Heavy Equipment
Hit pause // COVID-19 forces machine builders, operators to rethink strategies
In efforts to offset economic fallout from COVID-19, states have taken measures such as offering stimulus checks to taxpayers as well as financial relief for businesses. Sharp declines in tax revenues have led to state and local budget shortfalls, resulting in many planned infrastructure projects to be either postponed or halted indefinitely.

The Council of State Governments COVID-19: Fiscal Impact to States and Strategies for Recovery report estimates that states will experience a combined $211 billion budgetary deficit to overall state funds. While states driven by the hospitality and tourism sectors, such as Nevada and Hawaii, are experiencing higher economic risk, the manufacturing sector remains stronger. In the Midwest especially, a good portion of manufacturers have stayed open and operational, serving as essential businesses.

The global heavy construction equipment market was valued at $121.66 billion in 2019 and is projected to reach $240.49 billion by 2027, according to a recent construction equipment market outlook from Allied Market Research.

The material handling applications segment is anticipated to grow rapidly with a compound annual growth rate of 5.4 percent due to increased use of material handling equipment such as cranes and telehandlers in large building, construction and mining operations, according to the research report.

Fourteen states and 20 local authorities have delayed or canceled road, transit and airport projects worth $9.04 billion, according to the American Road & Transportation Builders Association’s July 2020 report.

Uncertainty fuels speculation and state fiscal gaps initially projected for fiscal 2020 and 2021 remain in flux. The manufacturing sector is projected to lose 444,800 jobs, the most of any sector over the decade, according to the U.S. Bureau of Labor Statistics 2019-2029 summary report. However, jobs such as construction equipment operators are projected to grow 4 percent over the same period. Jobs for material moving machine operators are expected to grow 2 percent.

Making adjustments
Link-Belt Cranes, headquartered in Lexington, Kentucky, has adjusted its operations to accommodate CDC guidelines, including assigning some employees to work remotely as well as institute safety precautions for those working en premise.
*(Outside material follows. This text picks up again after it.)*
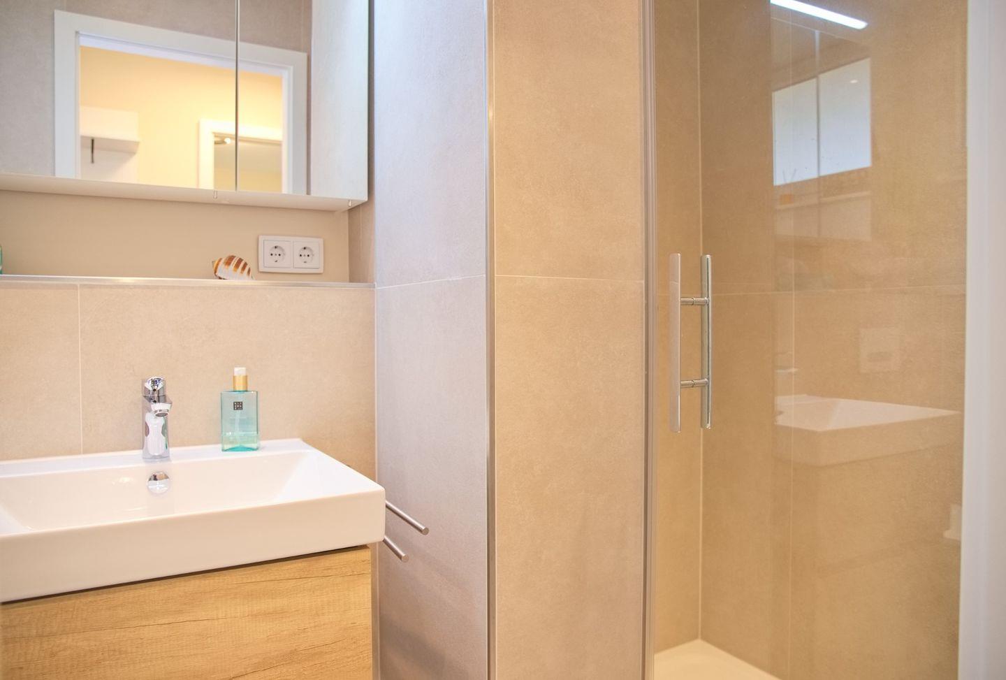 Das Badezimmer ist mit einer Dusche, Waschtisch, Spiegel und WC ausgestattet und bietet alles, was Sie für Ihr tägliches Wohlbefinden brauchen. Für zusätzlichen Komfort sorgen eine Waschmaschine und ein Trockner, die gemeinschaftlich genutzt werden können. Außerdem stehen Ihnen Gartenmöbel auf dem Balkon zur Verfügung, sodass Sie nach einem erlebnisreichen Tag im Freien entspannen können.

“We have core employees who have work that cannot be done from home, some employees that can do some work remotely and, for some, a combination of the two,” says Bill Stramer, senior vice president marketing, sales and customer support at Link-Belt.

construction site
“This pandemic has taught us we need to be flexible and measure the issues on a daily basis,” says Bill Stramer, a senior vice president for Link-Belt.
According to the Material Handling Equipment Distributors Association (MHEDA), remote work is evolving: “Member companies should consider increasing investments in technologies and processes to enhance the employees’ remote work experience while still protecting the security and effectiveness of the organization.”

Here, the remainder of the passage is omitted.